Когда Женя вернулся домой и сказал, что аптека закрыта на ремонт, ему не поверили. Отец пошел к автомату и выяснил, что в аптеке № 1 ремонтом даже не пахнет. Он сразу захотел пустить в ход ремень, но Женя кричал и плакал. И клялся, что он не истратил на мороженое проездных денег, что доехал до центра, своими глазами видел замазанную мелом витрину и надпись на двери: «Закрыто на ремонт». Видел над всем этим вывеску. Очень крупно: «Аптека».
Он плакал и плакал. И давал честное слово, что все это правда. Брат поднялся с подушек и начал просить отца отправиться с Женей на место и убедиться, что тот не обманывает. И отец убедился. Женя подвел его к дому на улице 25-го Октября, к замазанному мелом окну, к надписи: «Закрыто на ремонт». И показал на вывеску.
На ней было шесть отчетливых букв: «Оптика».

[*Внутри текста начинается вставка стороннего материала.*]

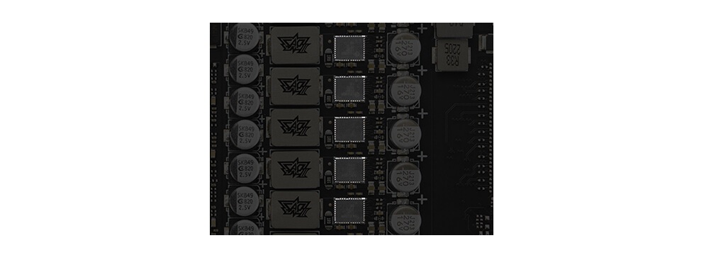 Výkonné 50ampérové tranzistory MOSFET s dalšími napájecími fázemi poskytují o více než 25 % vyšší rezervu ve srovnání s referenčním řešením. To pomáhá zajistit vyšší výkon, stabilitu a vyšší potenciál pro přetaktování.

Как выяснилось, аптека № 1 (над входом крупно: «аптека») находилась неподалеку, но нельзя же считать обманщиком человека, если он не очень силен в грамматике. Отец отделался только ворчаньем, пороть не стал. И все же чувство обиды осталось.
Отчего ему не поверили сразу? Захотят ли поверить сейчас?
Женя опять погляделся в зеркало — на редкость противный вид! Но он заставил себя выпрямиться, расправить плечи и беззвучно, одними губами, произнести: «Обещаю всегда быть хорошим». Сейчас, помогая отцу поудобней улечься в постели, он повторит обещание вслух.
Нет, пожалуй, «всегда и во всем» у него не получится. Сначала он постарается исправить отметки. Предъявит отцу дневник, а в дневнике, скажем, по географии, жирно прежирно: пятерка!
— Окно закрыто? — спросила через дверь мать. — Я не одна. Я с папой. — И заглянула в комнату.
По вине зеркала Женя до окна еще не дошел. По вине матери, отворившей дверь, поднялся сквозняк. Окно распахнулось во всю ширь, шторы вздулись как паруса. Ветер был не то чтобы штормовой, но он напомнил Жене о бурях, об океане, о том, что на балконе остался его секретный архив, который, возможно, уже развеян по белу свету.